OK, so what is going on in my mind? The reason why general purpose processors are a less than ideal structure is not just because of their general inefficiency, but because of the memory structures they are connected to. Going to memory is expensive. I know for a long time that processor speeds were increasing faster than memory access times and I am sure that has continued although at a slower rate. Now in going to multiple processing cores, we only speed things up when the bandwidth to memory is increased and this is basically achieved by giving each processor its own cache which is not only faster and more expensive memory but also avoids having to go off chip.
DSPs added a new twist in that they fetched memory contents using multiple buses, a technique that was later copied in some processors and by accessing data in wider words than the internal data width so that one fetch would obtain multiple instructions or pieces of data. Pre-fetch attempted to use any memory access dead time to do useful fetches in the hopes that they would be used, and DMA saved some of the information transfers that had to happen in order to get contents from blocks of memory rather than one at a time.
When we start to think of accelerators for processors, the biggest impediment to achieving significant speedups are the memory accesses, or in other words the things that are the most acceleratable are those in which lots of processing is performed on a few pieces of data. I also remember sitting in a seminar given by Tilera many years ago that talked about how communications between processors used to be expensive, because of the memory accesses, and that with a many core architecture where processors could directly talk to each other, the communications would become cheaper than computation. I never managed to really get my head around what that meant in programming terms.
But what I can get my head around are the problems associated with building FPGA accelerators that sit on the side of a processor. It is a nice concept – use the FPGA to accelerate the computational pieces of the code and then you may be able to downsize the processor, or use it for additional tasks and the whole application runs faster. But having worked on this kind of problem in the past, it is still constrained in many cases by memory. The accelerator still has to get data from the memory, put it back in the memory, and sometimes the data it uses it sitting in the process memory or cache and so has to be flushed to memory first. With some algorithms, even using advanced memory managers and DMA, there was barely any overall speedup even though the accelerator ran 10X faster than the processor (figure totally made up).
I can even relate this to high-level synthesis. The designs that work the best are the ones that operate from a block of data that is accessed in a regular manner and returns the results to memory. When “random” accesses to memory are made it becomes too difficult to work out the data dependencies. Most of the time you spend doing architectural investigation in these tools involves sizing and shaping the memories and the ways in which they are accessed so that things can be properly pipelined. In hardware we have the luxury of fully custom memories and access mechanisms which are unavailable to the general processor world.

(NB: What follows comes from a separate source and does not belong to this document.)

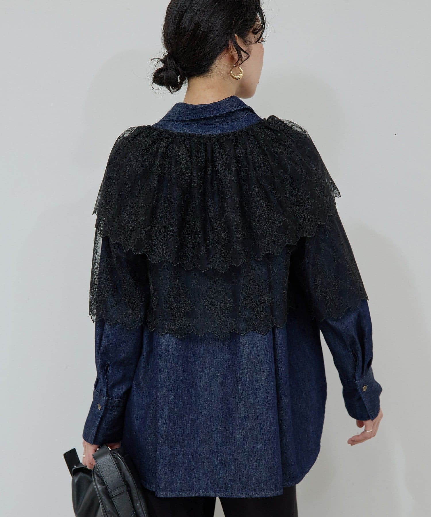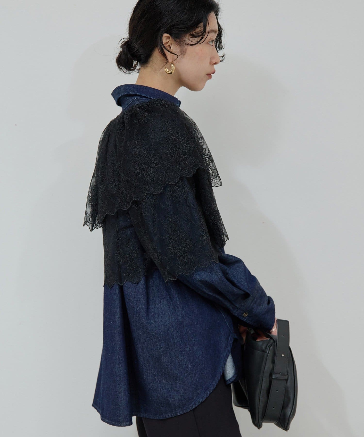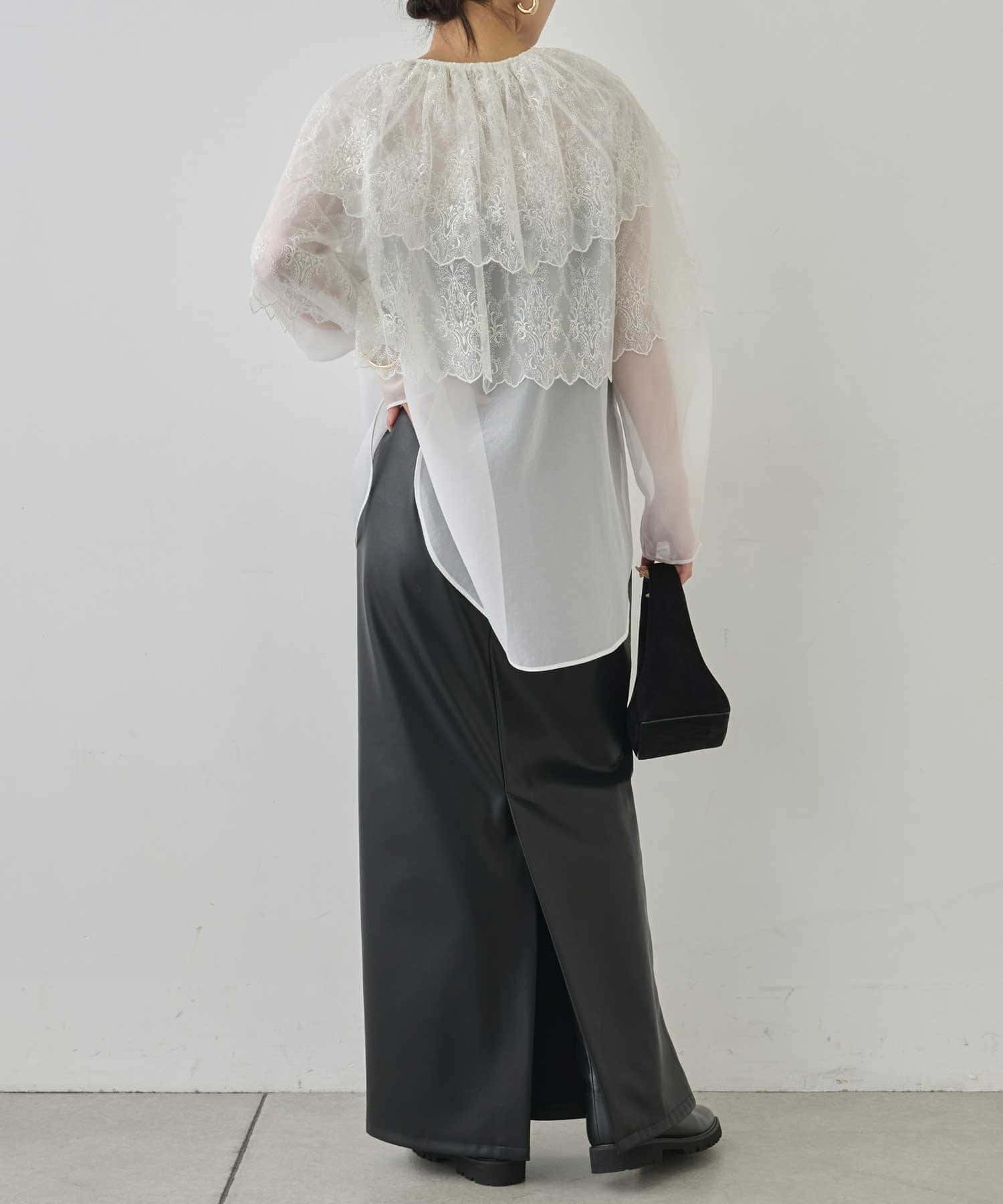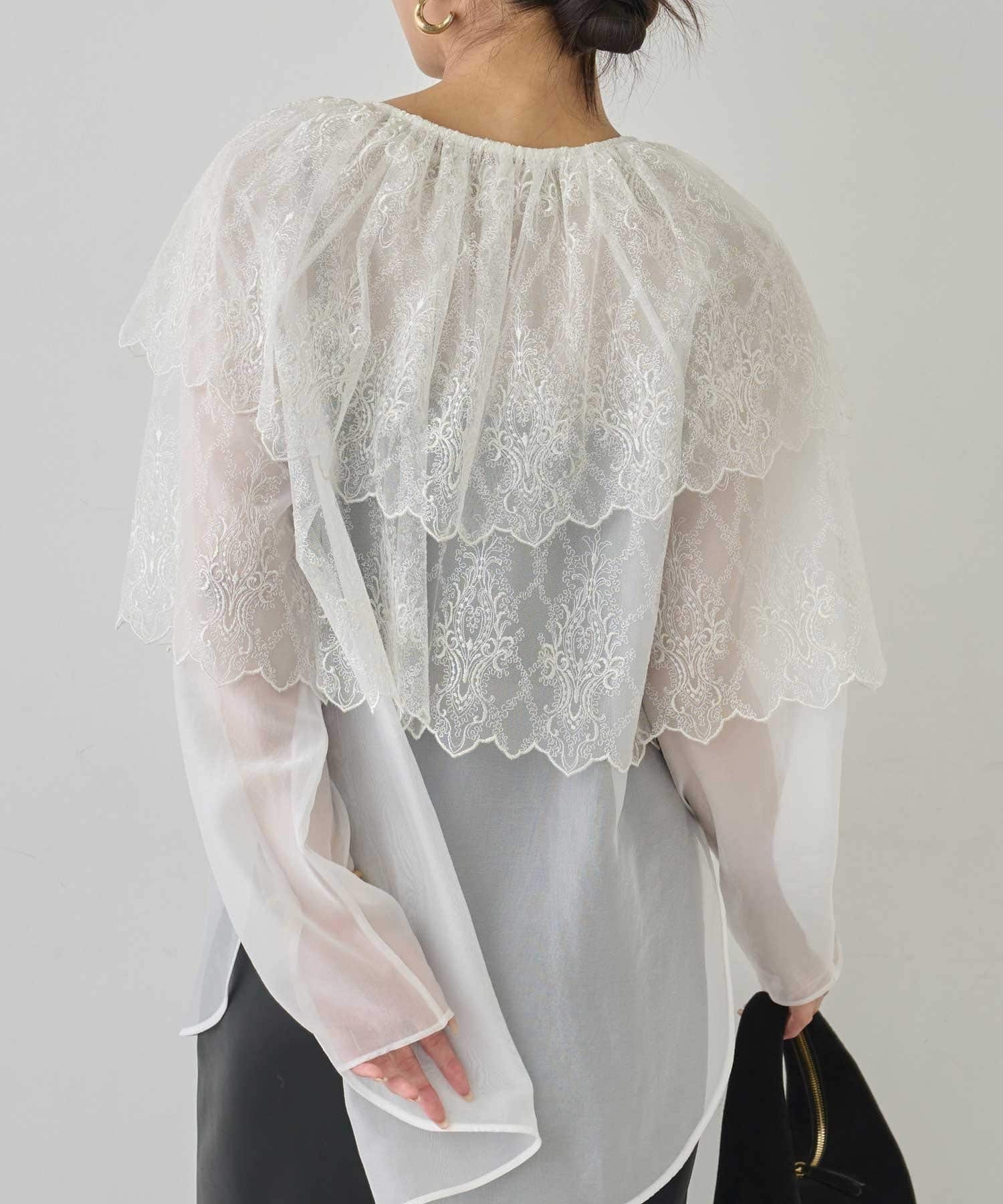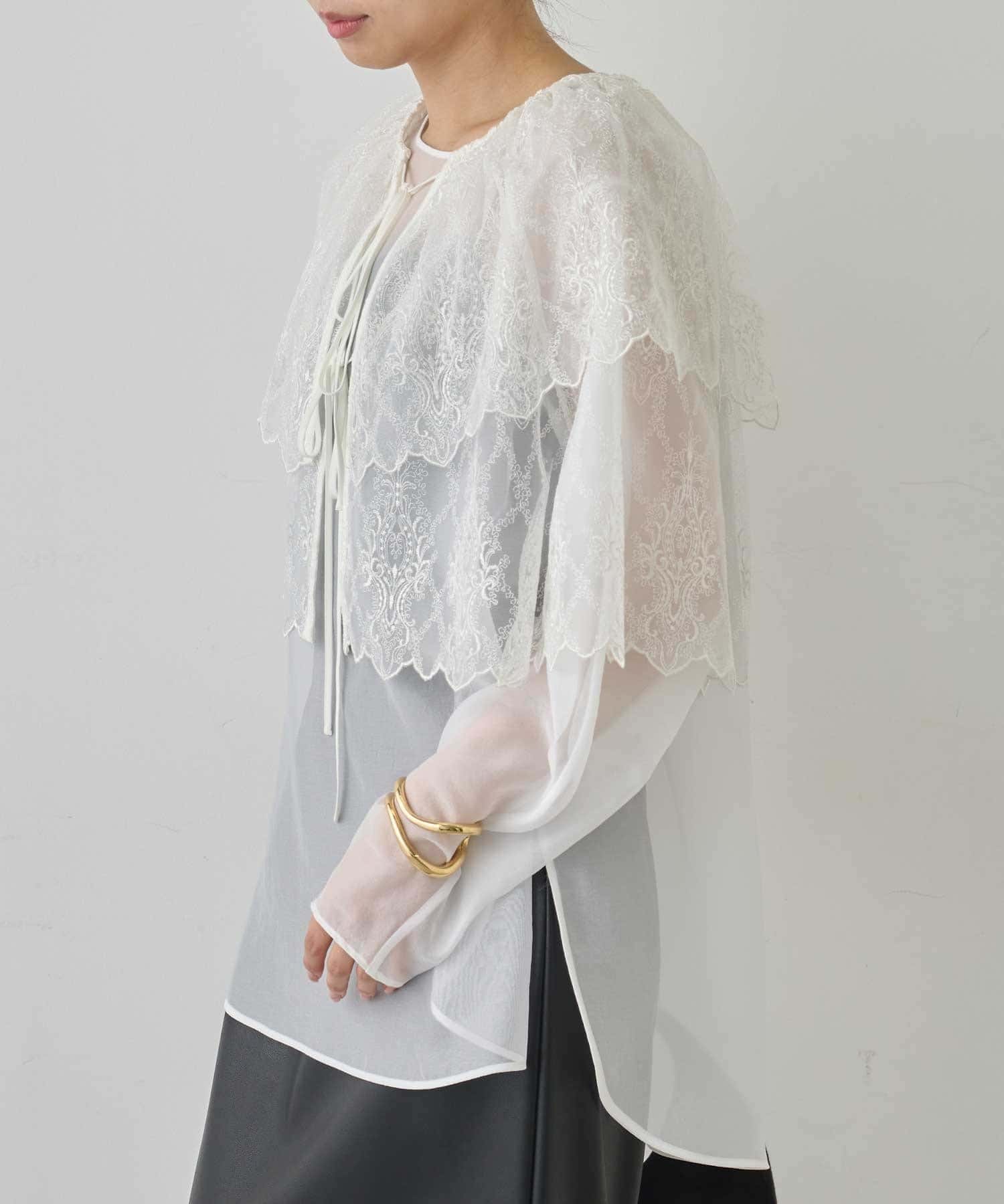 ●軽やかな素材感のレースは、スタイリングを華やかな印象に。

So it would seem that our world is constrained by memories and yet there have been few advancements in this technology apart from a slow and steady speedup in access times and capacities. Where are the memory optimization tools that tell us our application would go faster if we rearranged data in this manner, or the processors with different memory architectures that are optimized for certain kinds of tasks, or algorithms that are designed to minimize data access?
With so much memory now available we seem to be heading in the opposite direction, using memory in a willy-nilly fashion, when in reality it is our biggest roadblock.
When I was at university (in the 80's), I am sure I remember some research into putting processing in memory to solve this bottle neck. I guess that did not come to anything, although specialist items such as CAM do a little of this. The nearest thing is probably the distributed RAM in FPGAs, allowing integrated processing.